Residents of Bengaluru were in for a shock on Friday after they found tens of thousands of dead snails shored up around Kudlu Dodda Kere swimming lake in the city.

One of many such lakes, the 40-acre big Kudlu Dodda Kere is managed by an NGO called 'United Way Bengaluru' since 2017 and is located near Parappana Agrahara Central Prison. The death of the snails en masse is being blamed on the excessive inflow of sewage from the jail that has allegedly been entering the lake, causing a shortage of oxygen and thus forcing the fish to literally gasp to death underwater.

As per a report in the Times of India, local residents who frequent the area for morning walks etc claim that sewage is the main culprit behind the mass snail deaths. A sewage pipe from the lake is reportedly connected to the lake and has been causing pollution in the water body, which consists of a lake bund, and a walking track surrounded by trees and benches.

While fish have previously turned up dead in the lake before, this type of mass snail death is unusual and caused by excessive raw and untreated sewage being dumped into the lake.

This is not the first time that the sewage flow of the Parappana Agrahara Central Prison has made it to the headlines. In 2017, when the BS Yediyurappa government started to crack down on industries for restricting their effluent flow into local water bodies and lakes, The Economic Times reported that nearly all the sewage from the prison - home to 5,000 odd inmates and staff - was flowing into the local 16-acre Parappana Agrahara lake. This lake is linked to a series of lakes such as Kudlu Dodda Kere.

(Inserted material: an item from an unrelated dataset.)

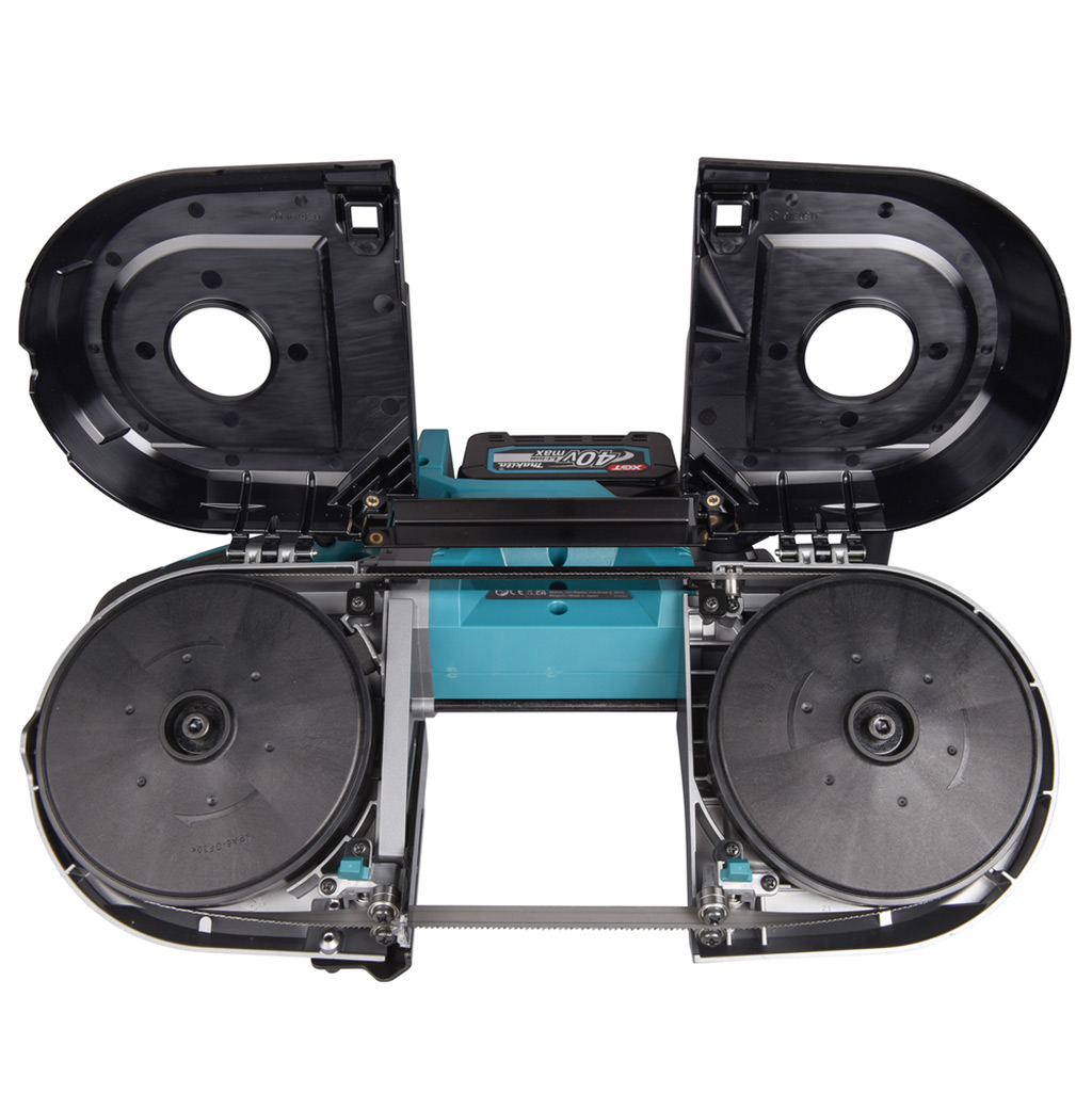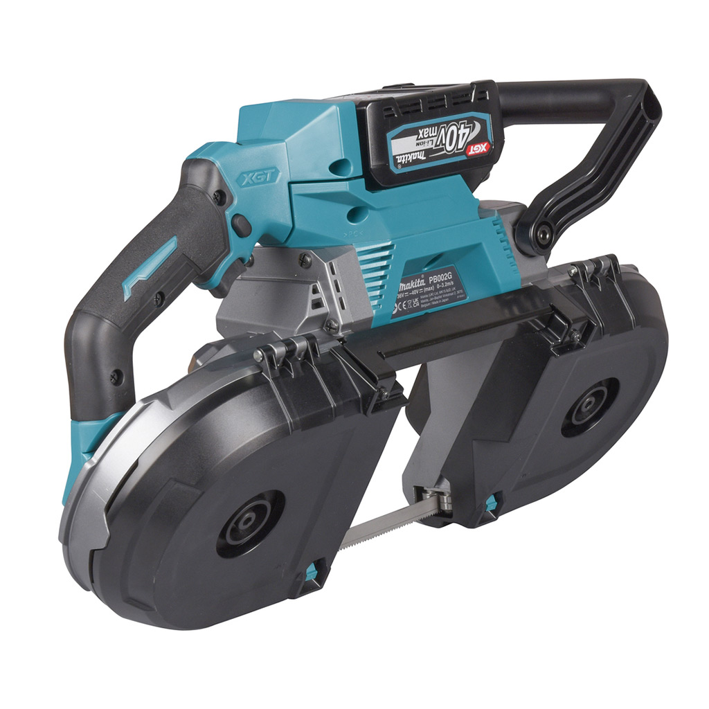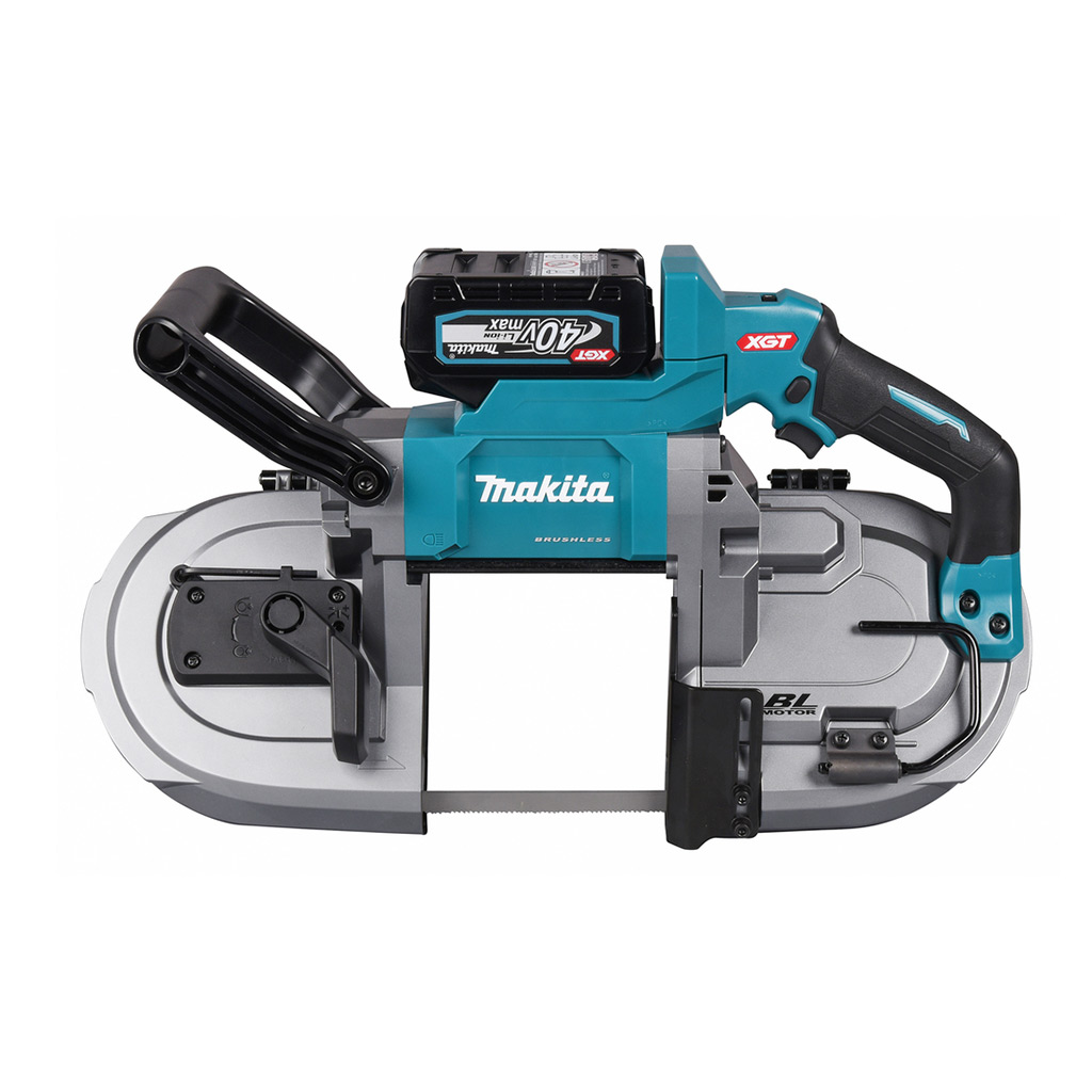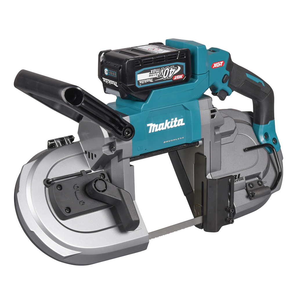 La sega a nastro 40 V Brushless Makita PB002GM201 è fornita con due batterie BL4040 40 V 4,0 Ah, caricabatterie e valigetta.

The Karnataka State Pollution Control Board (KSPCB) has reportedly sent three notices to the Public Works Department as well as prison authorities to divert the sewage flow by constructing a sewage treatment plant. The last was sent in 2018. All three notices have so far been ignored. The prison currently has just one septic tank for all its waste production.

Management and conservation of water bodies is an often neglected aspect of public works and a huge cause for concern, not just for environmentalists but also animal welfare activists.

Dumping untreated sewage into water bodies and not taking proper measures to maintain them causes excessive sewage pollution and algal blooms in water bodies, causing eutrophication which prevents sunlight from entering the bottom of the body and reach marine flora and fauna.